CVE-2025-49555

Name of the Vulnerable Software and Affected Versions: Adobe Commerce versions 2.4.9-alpha1 through 2.4.4-p14

Description: Adobe Commerce is affected by a Cross-Site Request Forgery (CSRF) vulnerability that could result in privilege escalation. An attacker with elevated privileges could trick a victim into performing unintended actions on a web application where the victim is authenticated, potentially allowing unauthorized access or modification of sensitive data. Exploitation of this issue requires user interaction, such as visiting a malicious website or clicking on a crafted link.

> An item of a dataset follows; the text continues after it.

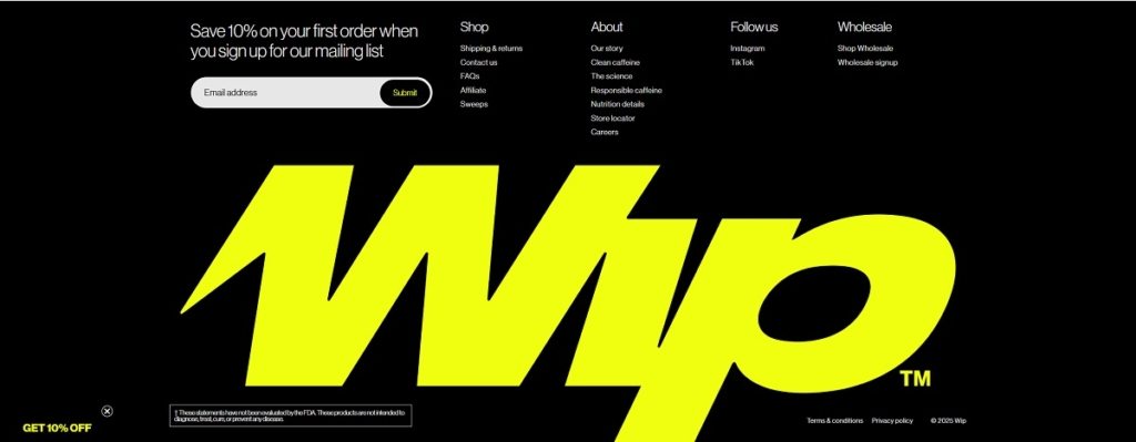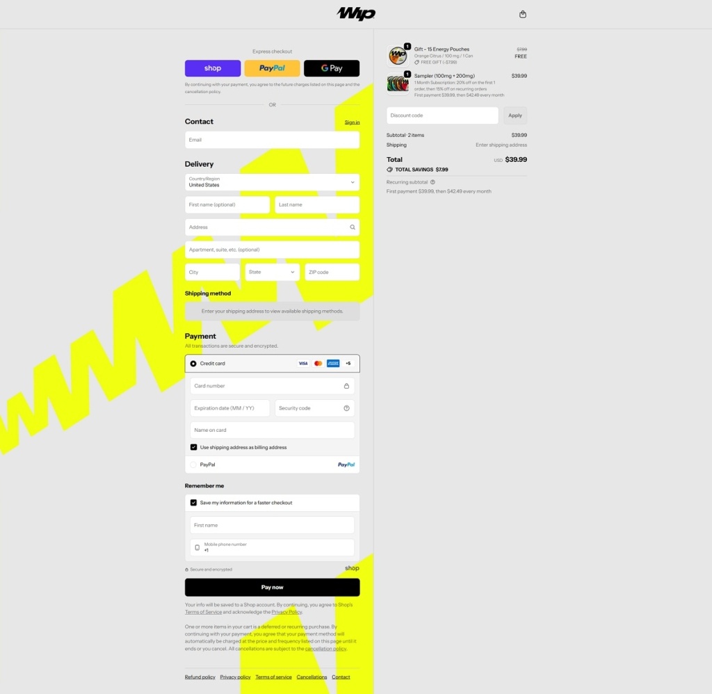 Wip.com is an ecommerce site for Wip energy pouches, selling natural-caffeine pouches in flavours like Sour Cherry and Strawberry Kiwi, plus sampler packs and multi-pack bundles. The website design is bold and minimalist, with an oversized hero headline, quick “Shop pouches” calls to action, and a homepage that jumps straight into flavour tiles and product cards. It also includes education and discovery pages while keeping navigation tight and commerce-first.

Recommendations: Adobe Commerce version 2.4.9-alpha1: At the moment, there is no information about a newer version that contains a fix for this vulnerability. Adobe Commerce version 2.4.8-p1: At the moment, there is no information about a newer version that contains a fix for this vulnerability. Adobe Commerce version 2.4.7-p6: At the moment, there is no information about a newer version that contains a fix for this vulnerability. Adobe Commerce version 2.4.6-p11: At the moment, there is no information about a newer version that contains a fix for this vulnerability. Adobe Commerce version 2.4.5-p13: At the moment, there is no information about a newer version that contains a fix for this vulnerability. Adobe Commerce version 2.4.4-p14: At the moment, there is no information about a newer version that contains a fix for this vulnerability. Adobe Commerce versions prior to 2.4.4-p14: At the moment, there is no information about a newer version that contains a fix for this vulnerability.